Running ‘trust diaganostics’ has revealed the common challenges all MATs face in unlocking improvement in the coming months, writes David Carter
When I first stepped into the trust CEO role ten years ago, I was set the challenge leading school improvement across three very different schools. Despite being one of the most vibrant, multicultural cities in Europe, Bristol’s education system was struggling, and too many schools had failed generations of families.
As a trust leader in this context, I could look across the city at my three schools and identify the things that were working well, and the areas where each school was struggling. I could spot great talent in my team, and deploy them to support their colleagues in another school. I could create a vision for success for all of my schools, and use this to drive forward an improvement strategy which, slowly but surely, raised the standard of education for thousands of children.
It can be done, as many of my colleagues across the system have shown. But now, multi-school improvement has an added level of challenge: reckoning with the known and unknown impacts of Covid-19.
We need to support school trusts to come back stronger in order to help give the children, families and communities they serve new hope for the future.
I don’t believe that a blueprint is viable or desirable
Since the pandemic hit, I’ve been listening closely to the concerns that are keeping CEOs awake at night. From these conversations, and the many hundreds of others I’ve had with trust leaders over the years, I can see five core themes emerging.
I believe every trust should look to these strategic priorities as they mark out their plans for the coming months and years, to unlock sustainable school improvement.
Risk and resilience. Trusts need to build resilience into their processes and systems and develop a healthy risk appetite to allow them to innovate and keep getting better.
Workforce development. Trusts need strategies to nurture and develop their teams so that they stay in their schools – and the profession – for the long haul, including moving between schools within the same trust.
Communications. Trusts need to improve relations with stakeholders from pupils, to parents, to staff, to fulfil their potential for school and system improvement.
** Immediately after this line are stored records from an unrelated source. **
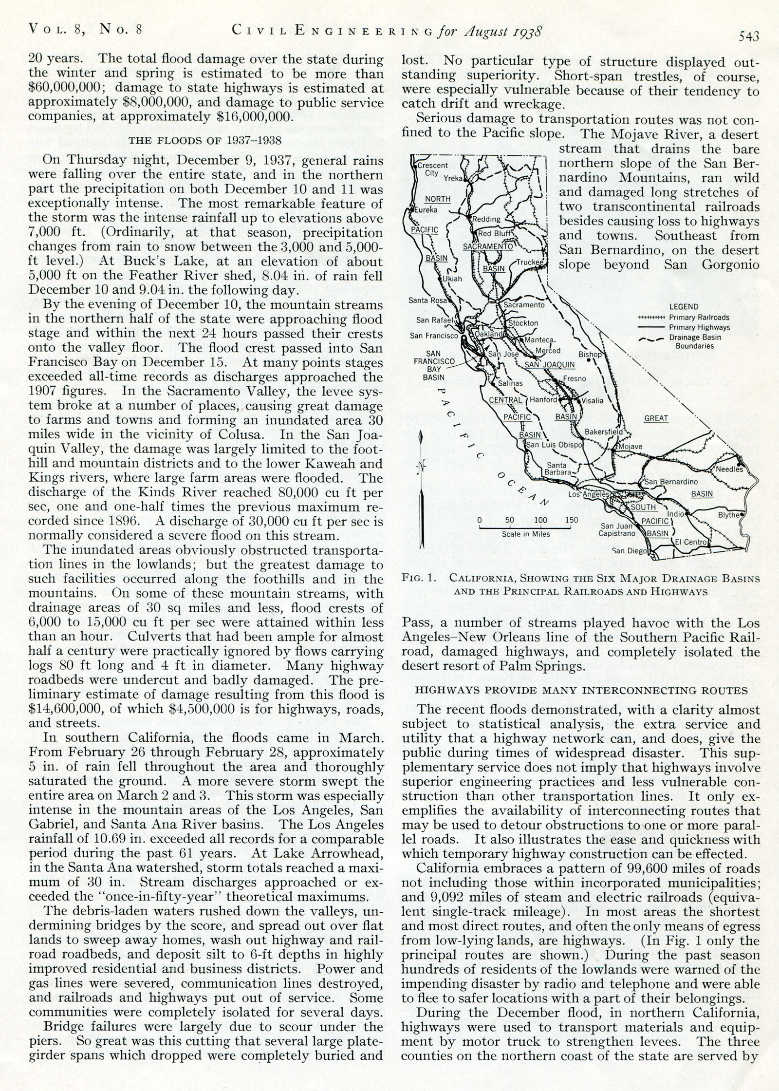 California embraces a pattern of 99,600 miles of roads not including those within incorporated municipalities; and 9,092 miles of stream and electric railroads (equivalent single-track mileage). In most areas the shortest and most direct routes, and often the only means of egress from low-lying lands, are highways. (In Fig. 1 only the principal routes are shown.) During the past season hundreds of residents of the lowlands were warned of the impending disaster by radio and telephone and were able to flee to safer locations with a part of their belongings.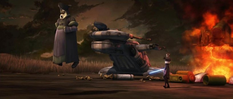 Jedi Master Mace Windu sent "I'm a gonna die" to the planet of Ryloth where he never had much hope (fancy that). Di fought on the ground against the droid army as a bad guy named Wat Tamor led an invasion of the Twi-lek homeworld.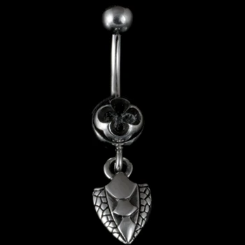 Piercing do pupíku z chirurgické oceli 316L. Piercing je celý ocelový včetně ozdobné části. Dřík piercingu má průměr 1,6mm, délku 10mm, kulička 5mm. Rozměr ozdoby piercingu: kulička má průměr 8mm, závěsná část 15*9mm.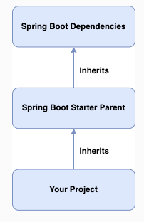 Spring Boot 프로젝트를 생성할 때 spring-boot-starter-parent 를 프로젝트의 pom.xml 혹은 build.gradle 의 부모로 사용한다. spring-boot-starter-parent 를 추가한 후 프로젝트는 spring-boot-starter-parent 에 지정된 기본 빌드, 종속성 및 구성을 상속하므로 수동으로 지정할 필요가 없다.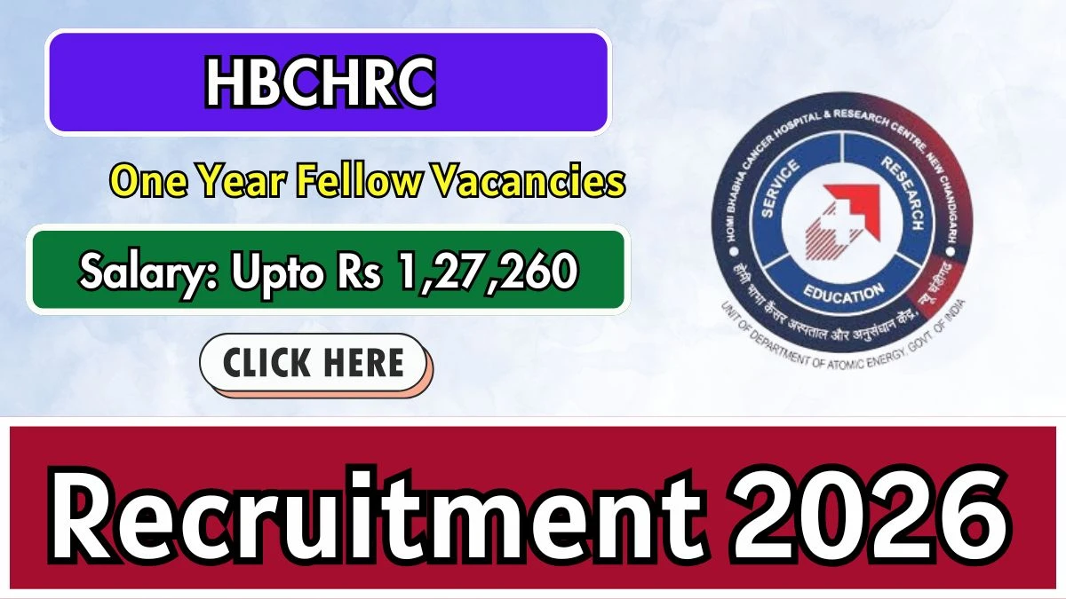Homi Bhabha Cancer Hospital & Research Centre (HBCHRC) Recruitment 2026 for 01 posts of One Year Fellow. Candidates with MS/MD Can attend the walkin. The Walk-in starts from 30-01-2026, and ends on 31-03-2026. For detailed information please visit HBCHRC official website, tmc.gov.in.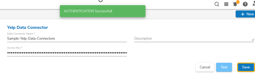The newly created Yelp Data Connector gets added to the Data Connectors List.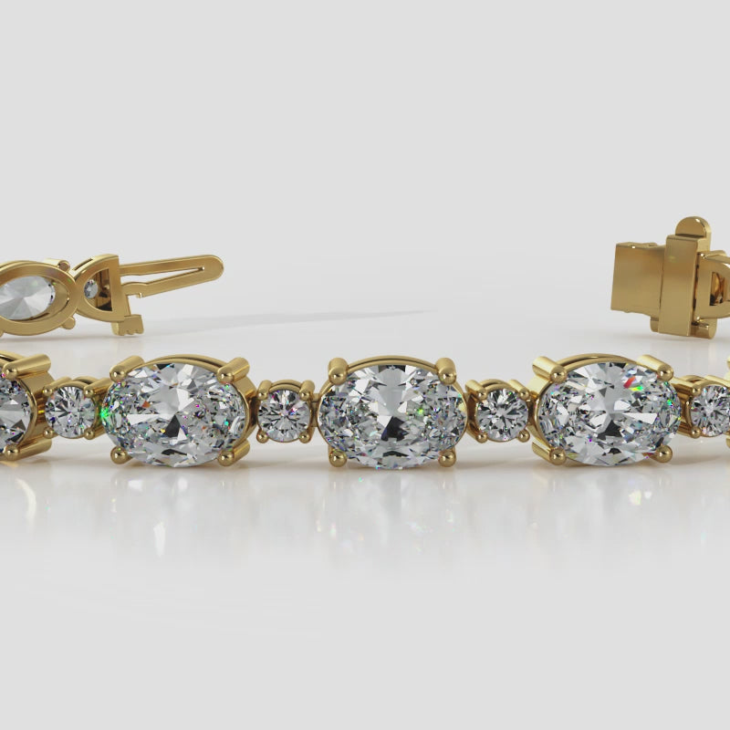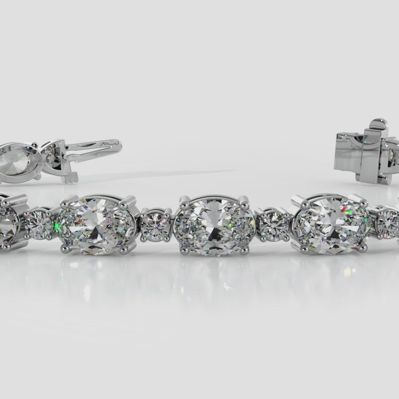This beautiful bracelet features oval shaped diamonds and brilliant cut round diamonds in between.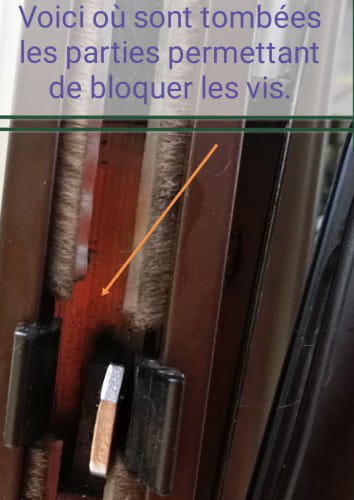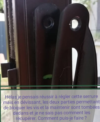 Celle qui n'a pas de poignée extérieure, des parties permettant de bloquer les vis fixant la serrure sont tombées dans le bâti et je n'ai pas réussi à les récupérer.

Financial planning and sustainability. Trusts need to think harder than ever about how they are spending every pound to help all children, but particularly those who are disadvantaged, to catch up.
Data collection and analysis for school improvement. Trusts need to get better at impact assessment, and to empower their teams to capture the most relevant data to inform the school improvement strategy for each school in the trust.
I’ve explored these important strategic areas time and time again with trust leaders and their teams as part of the first year of the Trust Diagnostic, which I lead at Ambition Institute.
I see the Trust Diagnostic as tool to build expertise, foster collaboration and enable peer review in the trust system – all of which I believe to be crucial for MATs to fulfil the potential as school improvers.
I don’t believe that a blueprint for multi-school improvement is viable or desirable. Our school system is so diverse that a one-size-fits-all instruction manual would never do the job.
But we can still collectively learn from what is working, and build up trust leaders’ expertise so they can adapt and deploy good practice in their own unique settings.
Every trust will seek to address different challenges and make the most of different opportunities, because every school has its own set of quirks, innovations and issues. That is the joy of being a leader in our education system.
But if I have learnt anything over many years of working with schools and trusts across the country, it is that there are common, persistent problems that every leader needs to know how to tackle. By spotting the challenges that we all share; making connections where organisations can support one another; and building up leaders’ expertise, we can forge a better education for our pupils.
This is what will drive long-term school improvement that benefits generations of children, and helps to rebuild confidence for communities that have felt the heavy impact of Covid-19.